What changes when scrape time arrives — push and pull side by side

The clearest way to feel the difference is to instrument both. The script below stands up two collectors — a Python prometheus-client HTTP endpoint that simulates the pull side, and a Python UDP listener that simulates a StatsD-style push side — and emits 1,000 simulated checkout events to each, then compares what arrives, when, and at what cost.

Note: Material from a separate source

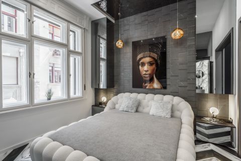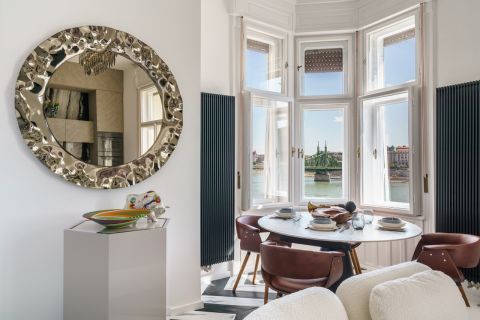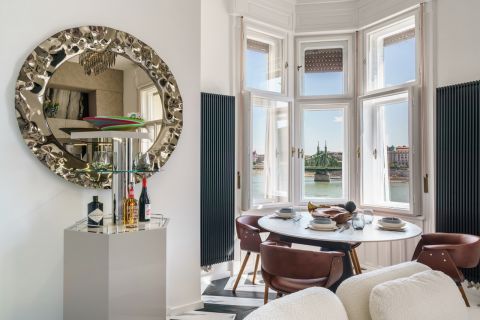 Eladó egy páratlan hangulatú, designer enteriőrrel berendezett, teljes dunai panorámás luxuslakás a Belgrád rakpart ikonikus épületében.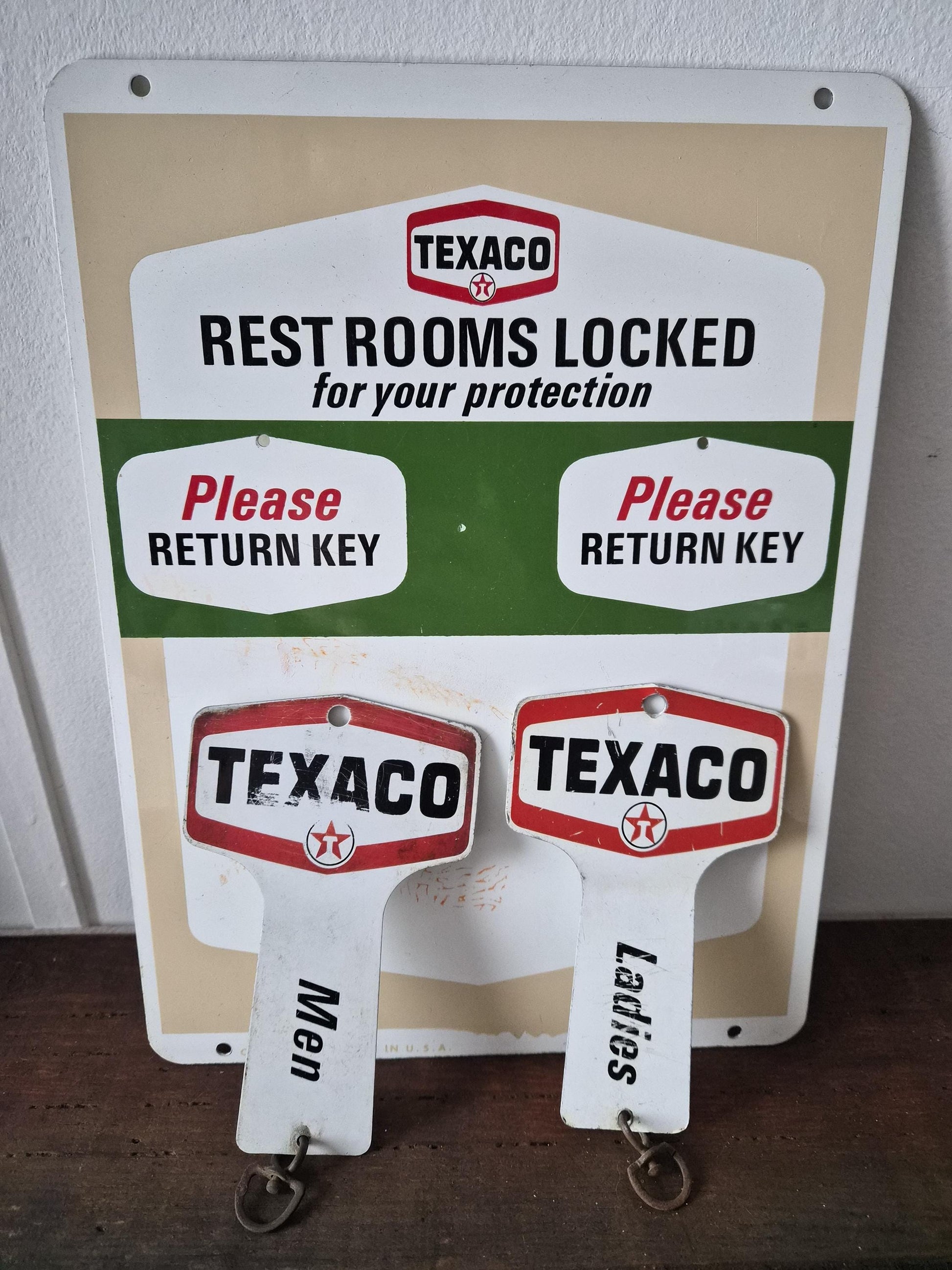 Original Texaco Restroom Signage with Key Tags

# push_vs_pull.py — simulate both collection models on one machine
# pip install prometheus-client requests
import socket, threading, time, random, statistics, json
from http.server import HTTPServer, BaseHTTPRequestHandler
from prometheus_client import Counter, Histogram, generate_latest, CONTENT_TYPE_LATEST
import requests

# --- PULL SIDE: passive HTTP /metrics endpoint -----------------
checkout_count = Counter("checkout_total", "checkouts", ["region"])
checkout_lat = Histogram("checkout_latency_ms", "checkout p99",
                         ["region"], buckets=(5, 10, 25, 50, 100, 250, 500, 1000))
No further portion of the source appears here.